In response, David Goetz, Tennessee’s commissioner of finance and administration, stressed that it’s too early to say what the exact impact will be on local hospitals because the revisions have yet to be fully outlined.

Gilliland is not alone in his views, as analysts at Moody’s Investors Service raised similar concerns last month. The agencies are responding to one of the most aggressive plans to revamp the program that has been proposed since TennCare began in 1994.

Gov. Phil Bredensen announced last month that he wants to dismantle the nearly $8 billion-a-year program because of court decrees that prohibit him from making changes that would rein in costs. The group that pushed for those consent decrees, the Tennessee Justice Center, is trying to negotiate with the governor to keep TennCare in place.

Currently, TennCare accounts for roughly one in four dollars in the state budget. At the pace it is growing, it could consume 91% of new state tax revenues by 2008 if left unchecked.

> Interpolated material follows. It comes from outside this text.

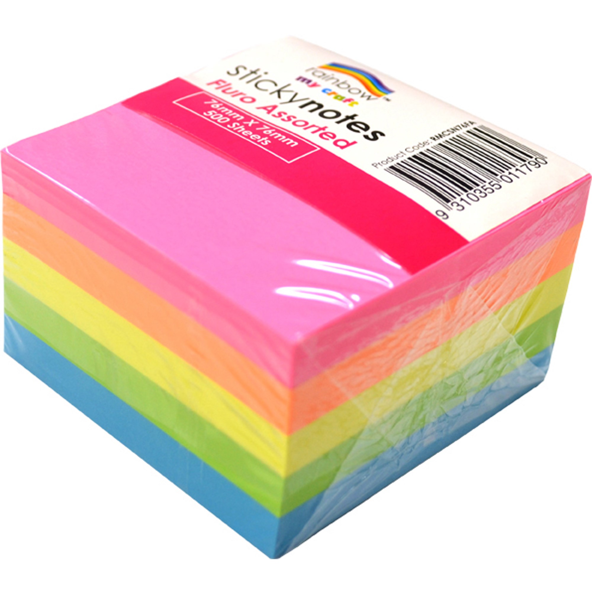 Rainbow My Craft Sticky Notes 76 x 76mm Fluro Assorted 500 Sheets
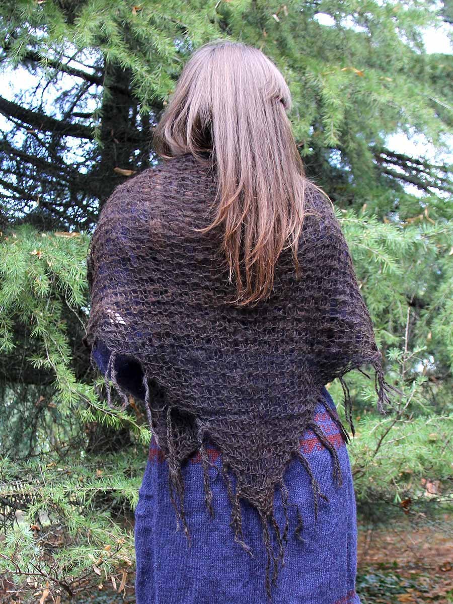Among the rectangular women’s alpaca shawl styles, we find a very unique solid-colour shawl, the Geneviève shawl. This shawl elegantly combines two types of workmanship: an openwork knit and a splendid crochet border. This union creates an elegant and refined shawl.

“In short, TennCare has failed as a managed care health plan because of unchecked cost increases,” Gilliland said. “TennCare is the nation’s most expensive Medicaid plan on a per capita basis, accounting for roughly 33% of Tennessee’s $23.8 billion fiscal years 2004 through 2005 state budgets.”

Gilliland said some hospitals will fare better than others, but the state’s five Level I trauma centers are likely to bear more of the uninsured patient burden due to their “safety net” status.

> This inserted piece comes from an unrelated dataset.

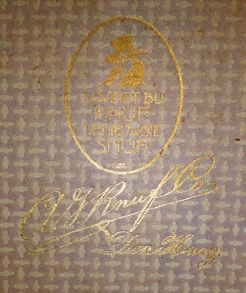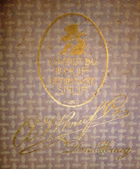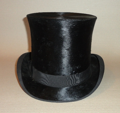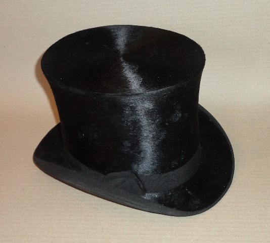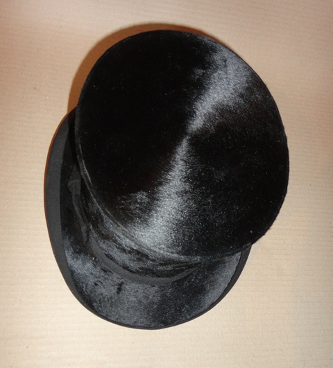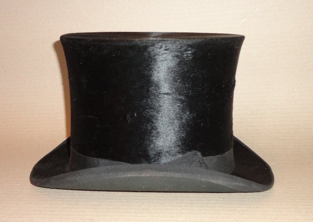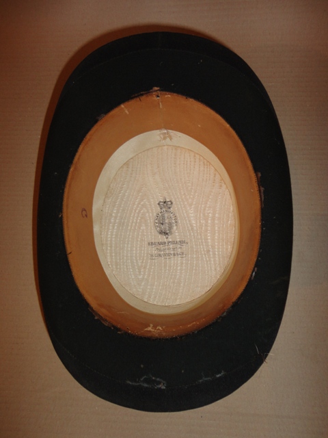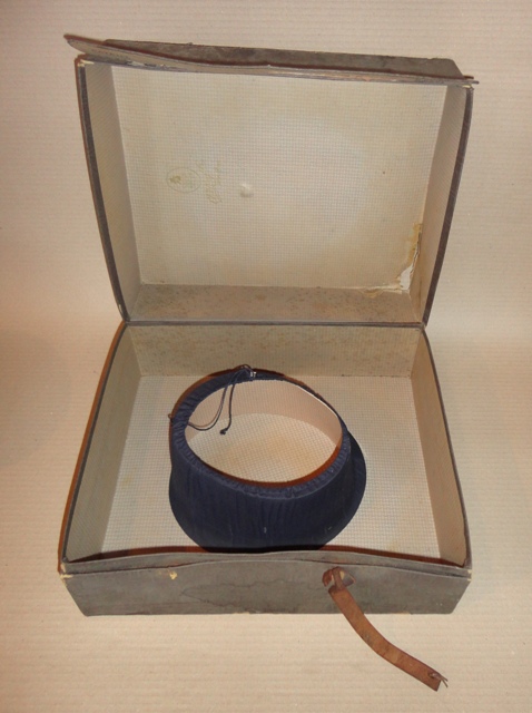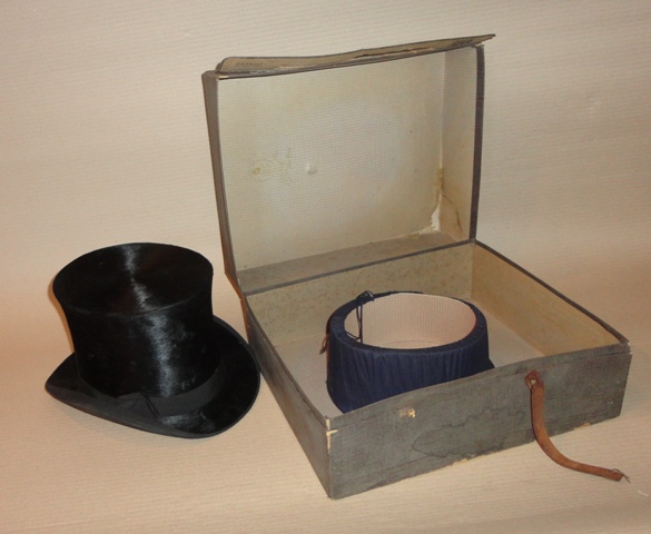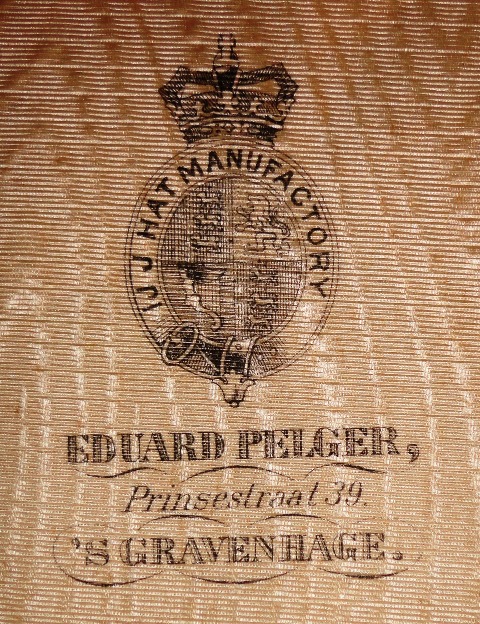 Top hat: c. 1900. Box marked: U VINDT BU KNUF DE NIEUWSTE SNUF, DEN HAAG. Hat marked: EDUARD PELGER. Size: hat15×23×30 cm, box 18×29×35 cm

Fitch rates about $2.2 billion of debt that has been sold for seven health care providers in the state, including a teaching hospital. That includes Covenant Health, which has $539 million of Fitch-rated debt; Mountain States Health Alliance, which has $483 million of rated debt; and Vanderbilt University, which has $613 million of rated debt. They are rated A, BBB, and AA, respectively. Covenant and Vanderbilt have stable outlooks, while the outlook for Mountain States is positive.

Bredensen has been in talks with officials from the justice center since last month, but no compromise has been reached. Goetz said a resolution is expected within the next six months.

“We understand the concerns and we are likely to find ways to strengthen the safety nets and lessen the impact to hospitals,” he said.

Among the possibilities the state is exploring are programs for uninsured children, as well as providing bridge support in cases where working people who lose coverage seek employer-based coverage.